After completing this lesson, you will be able to state the distributive property and apply it to various types of problems. You will also be able to accurately perform the mathematical operations that are involved with the distributive property.

We also recommend watching Logarithmic Properties and What Are the Five Main Exponent Properties?


The distribution property involves the operations of multiplication and addition or multiplication and subtraction. When we use the distributive property, we are multiplying each term inside the parentheses with the term outside of the parentheses. The distributive property, which is displayed below, holds true for all real numbers a, b, and c. Also notice that, if you view the formula in the opposite direction, we are just taking out the common factor of a.

Distributive Property
distributive property


Let's start with a simple application in arithmetic:

5(3 + 5)

Using the distributive property, we simplify as follows:

5(3) + 5(5) = 15 + 25 = 40

Of course, we would normally add 3 and 5 first and then multiply 5 by 8 to get the same answer. But this basic example allows us to demonstrate the distributive property before we get into more complex problems.
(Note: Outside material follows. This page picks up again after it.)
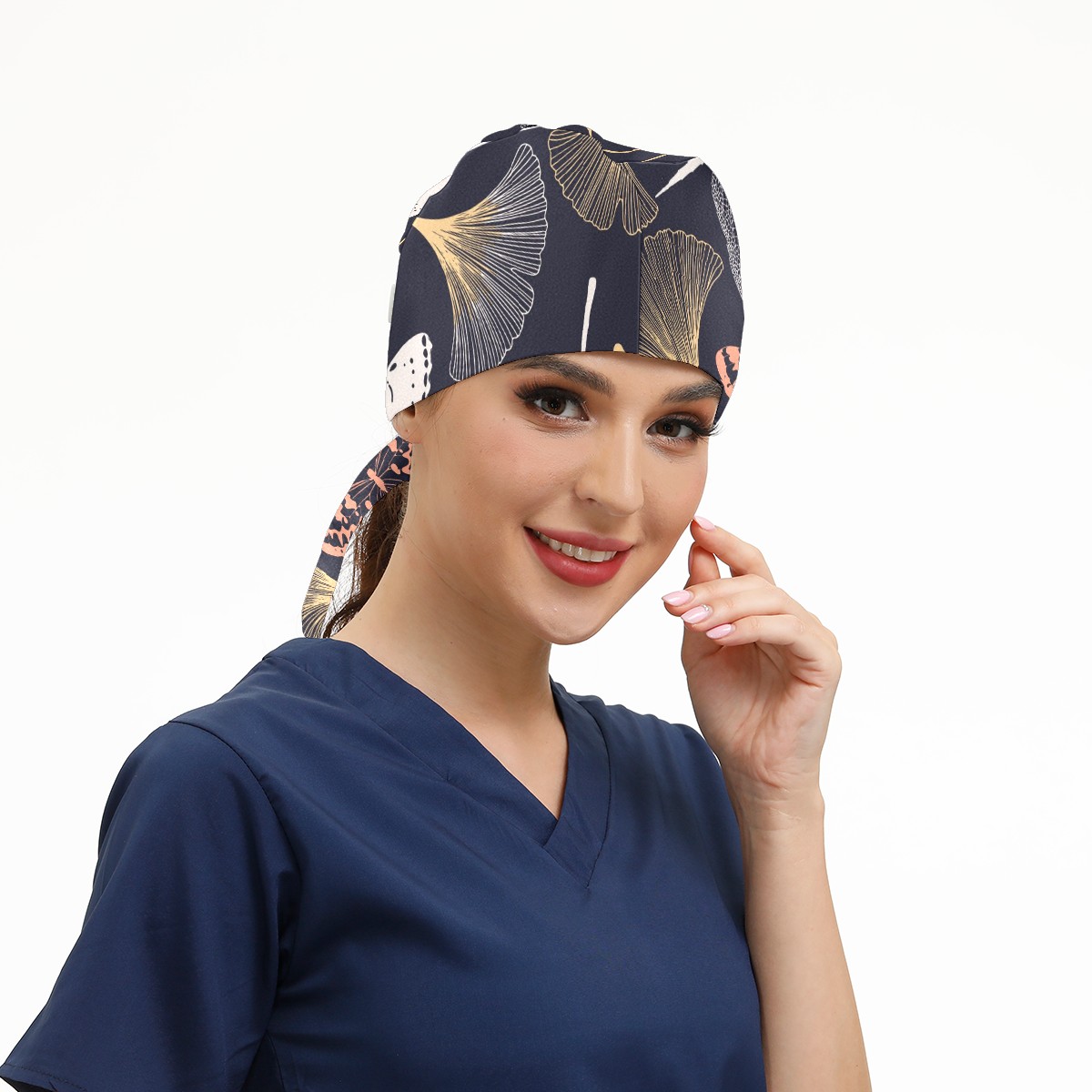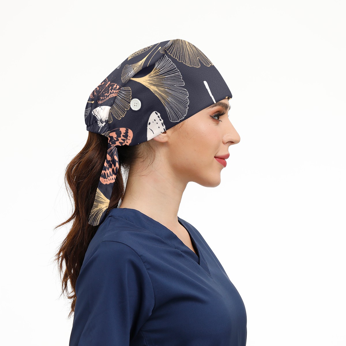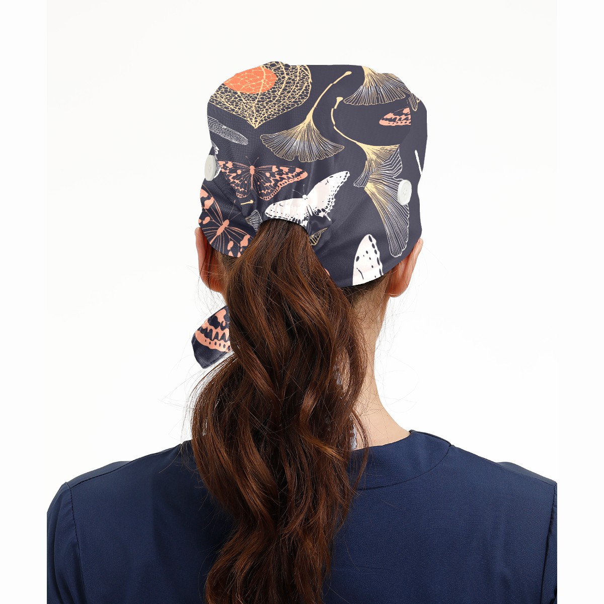 Working Caps with Button & Sweatband Satin Lined Cotton Adjustable Nurse Hats Elastic Band Scrub Cap Surgeon Hat Dragonfly Butterfly Ginkgo Leaves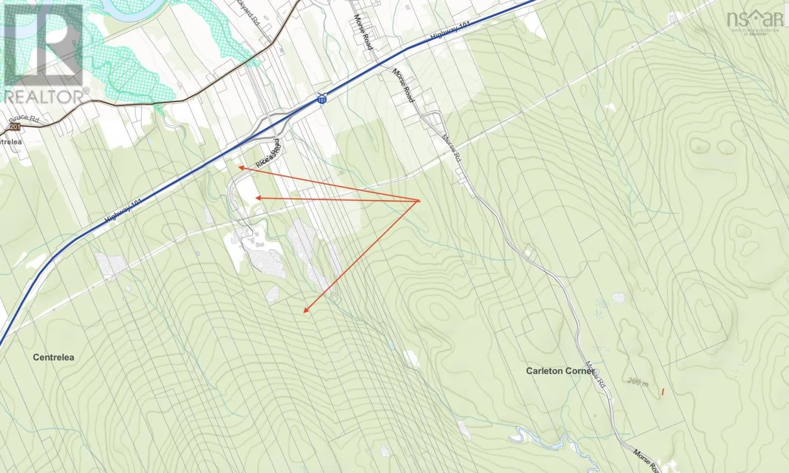 From Hwy 201 at Rice Road, South side of Hwy 201 Sixty acres +/-, in 3 Parcels at Rice Road, Carleton Corner. A 17.7 acre parcel is in two sections separated by Rice Road. This is a high visibility potential development property with easy access/visibility to Hwy 101. Also included is an additional 42 acres of wooded property accessed by a right-of-way from the Rice Road property. Establish your new business or home and have a wonderful recreational wooded property close by. (id:27476)

The distributive property can also help when you need to calculate equations using mental math, making some numbers easier to work with. Let's say that you purchased three sandwiches at a local eatery for $5.85 each, including tax; however, you are not sure if you have enough money to pay the check. You can think of $5.85 as $6 - $.15. Then think of the problem as follows:

3(5.85) = 3(6 - .15) = 3(6) - 3(.15) = 18 - .45 = 17.55

Applications in Algebraic Expressions

We can also use the distributive property with variables. Let's simplify the following equation:

7(2x + 7) - 11x

7(2x) + 7(7) - 11x (applying distributive property)

14x + 49 - 11x (simplifying)

3x + 49 (combining like terms)

We also use the distributive property when we multiply two binomials. When we multiply two binomials, we are actually using the distributive property twice. This is commonly referred to as foiling, especially when multiplying the factors of a quadratic equation, as in this example:

(2x + 3)(x - 5)

2x(x - 5) + 3(x - 5) (rewriting expression)

2x(x) - 2x(5) + 3(x) - 3(5) (applying distributive property)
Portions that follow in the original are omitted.